Say, for a moment, you have a program that does some calculations that change its state over time. However, you know that it is possible for the computer to shut down or otherwise terminate your program while it is executing at some unknown instruction. You therefore decide that you want to save your program's state to disk every so often. You may need one or more files in order to do this. But what if your program exits after opening the file but before writing to it? You have now not only destroyed the program's state in memory, but also erased your previous backup from the disk.

Remember that exception handling only gets you so far: Certain signals in Unix will abort the program immediately without giving it a chance to clean up, and if the computer does a hard reset, your program doesn't have a chance no matter what the platform.

This module solves that problem even if you need to store your program's state in multiple files (for whatever reason you may need to do this).

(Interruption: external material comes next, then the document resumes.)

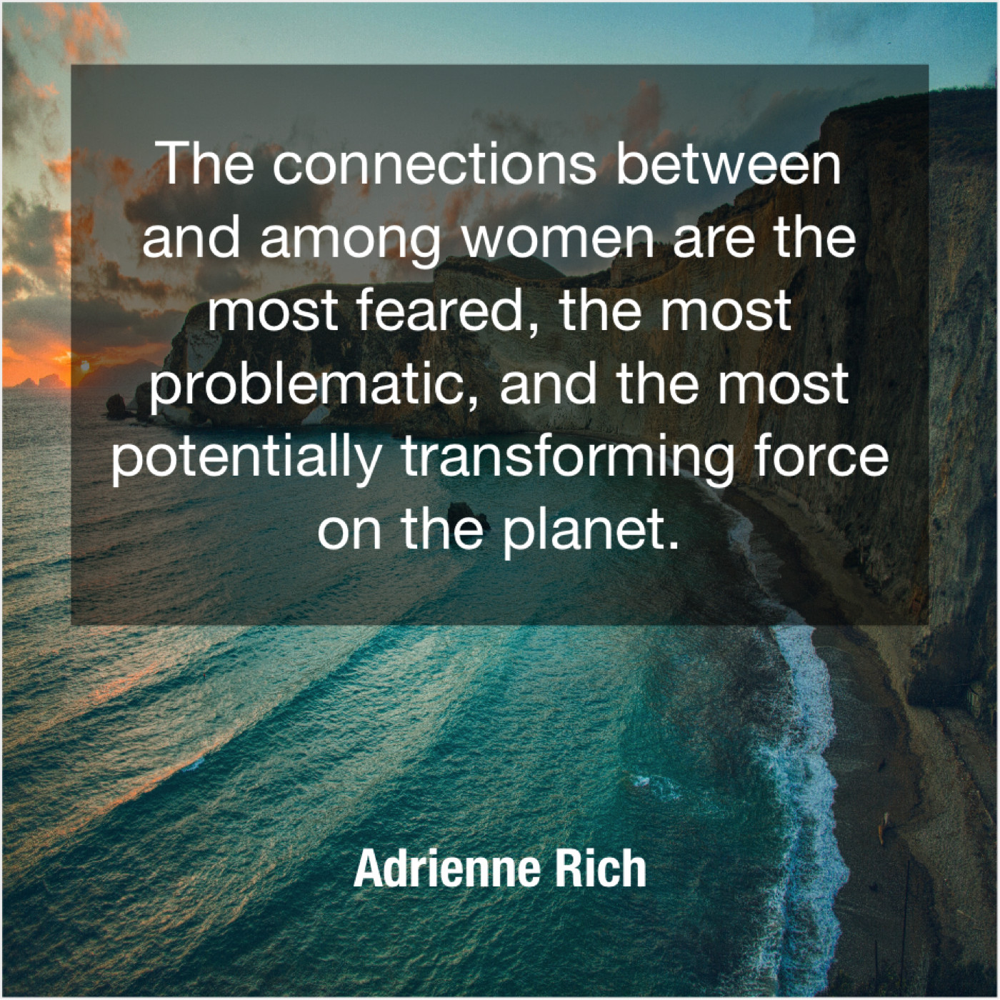 Adrienne Rich Adrienne Rich – The connections between and among… January 18, 2019 admin “The connections between and among women are the most feared, the most problematic, and the most potentially transforming force on the planet.”-Adrienne Rich

It makes sure that there is always a valid set of files that you can fall back to no matter where in the program you are when it terminates.

It does not, however, account for cases where certain critical files disappear or become corrupted due to other problems than program termination. In those cases, you would probably have to restore by hand or start your program over from the beginning. Be careful about what files you delete. (Do not allow any idiot to do rm $DIR/*~ where $DIR is the directory with your program's files, because that will surely do you in.)

Although this program will try to restore the most recent set of files, it errs on the side of safety and could possibly go backwards up to two versions if it is not certain that the most recent ones are consistent.

In the future, I plan to implement the ability to choose a specific directory in which to put the temporary and backup files, instead of putting them in the same directory as the normal files (which, in some cases for which this program accounts, may be corrupt). This should help with the rm $DIR/*~ idiots.

I chose to implement this as a class so that it could be more extensible. I also used methods such that code would not be repeated and changes to those segments need only be done once.